Warwick Energy reveals plans for Necton substation
PUBLISHED: 17:25 17 April 2012
Archant © 2012
Plans to build a new electricity substation alongside the A47 near Swaffham drew contrasting opinions from villagers at a public exhibition of the proposals.
Warwick Energy displayed designs at Necton Community Centre this afternoon (Tuesday) for the proposed development which would connect the planned Dudgeon offshore wind farm to the National Grid.
The company’s first-choice site at Little Dunham was refused permission after a vociferous local campaign and a planning inquiry, with the long-running saga now awaiting the result of a ministerial review following a High Court judgement earlier this month.
And with that uncertainty continuing, Warwick has drawn up fall-back plans for a second site – between the villages of Necton and Fransham – in order to avoid any costly hold-ups to the £1.5bn wind farm, planned for 32km off the north Norfolk coast.
The 15-acre site is smaller than the 23 acres proposed at Little Dunham, with the four large converter buildings removed from the original plans after the project team agreed to use an AC (alternating current) feed from the wind farm.
If approved, the substation would be built about 780m from the outskirts of the village, with the nearest house only 280m away.
While villagers living close to the proposed substation voiced fears including noise, environmental and visual impact, others at the open day said they preferred the fall-back location to the controversial alternative a few miles away at Little Dunham.
Louise Willis lives on St Andrew’s Lane overlooking fields neighbouring the proposed substation. Her mother Lilian lives at The Grove, near the A47 – one of the closest houses to the development site.
Miss Willis, 33, said: “Surely they can find somewhere else for it. If you look at this lovely landscape it is right slap bang in the middle of it. It is just awful. We all know about climate change and all the rest of it, but why put a greenfield site at risk when there are so many brownfield sites which are ripe for development? There are lots of old airfields and industrial estates, so why build this on a greenfield site at a very sought-after village?

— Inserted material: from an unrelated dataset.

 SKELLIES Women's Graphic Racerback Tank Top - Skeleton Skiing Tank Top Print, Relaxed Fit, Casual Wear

“I think the whole village is going to oppose this. With all the protesting at Little Dunham, I would have thought they would have learned their lesson.”
Wendy Brown, 68, from Sporle, was one of the campaigners against the original Little Dunham plans. She said: “If it has got to go somewhere, it seems much more appropriate to go here (at Necton). It is not going to affect village life, and the plans they have got here seem to be more amenable and more appropriate. I don’t think this is a problem. I would welcome it.”

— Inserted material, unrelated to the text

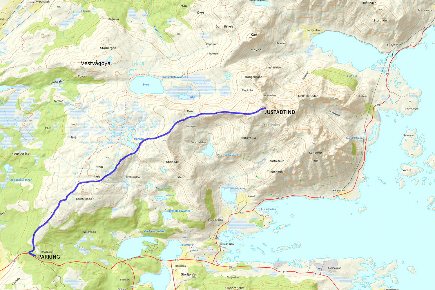- Hiked up Glomtinden. Driving from Svolvær, the small parking lot for the trail is at the end of lake Rørvikvatnet and can be easily missed. Drive slow and keep an eye out

The highest gantries in the design are 15m tall, but most of the structures are under 10m, with the majority of the site to be screened by woodland, including a 500m stretch alongside the closest part of the A47.
Warwick Energy’s project director Mark Petterson said: “Necton is the second best site after Little Dunham, but it is still a good site. “Our view is that this is more visually intrusive as you have a thousand times more people travelling down the A47 than down the Little Dunham road.
“But it is all subjective. All the Little Dunham people said consistently that it should go here in Necton. And we have had some interesting discussions with people from Necton saying it should be at Little Dunham. We really don’t mind, as long as we get our substation.”
Mr Petterson said the choice of locations was limited because the substation needed to connect to the 400kV electrical “supergrid” running between King’s Lynn and Norwich.
He said: “Theoretically, we could have built it away from the supergrid, but the only way to connect it would be with new overhead lines. We were told very early on by local planners in North Norfolk and Breckland that, whatever we do, we should not build new overhead lines. If we could have found a brownfield site under the existing overhead power lines, we would have gone there. But every single available site is a farm field.
“We have waited two-and-a-half years for Little Dunham and we are running out of time. This substation is only 5pc of the project cost, but it has the potential to hold up the other 95pc. It is not ideal to run the two sites in parallel, as it causes some confusion in those communities, but we are left with the job of trying to keep the project on track and the only way to that is to run both sites in parallel.”
Detailed environmental impact assessments are still being prepared, and a full planning application is expected to be made in June.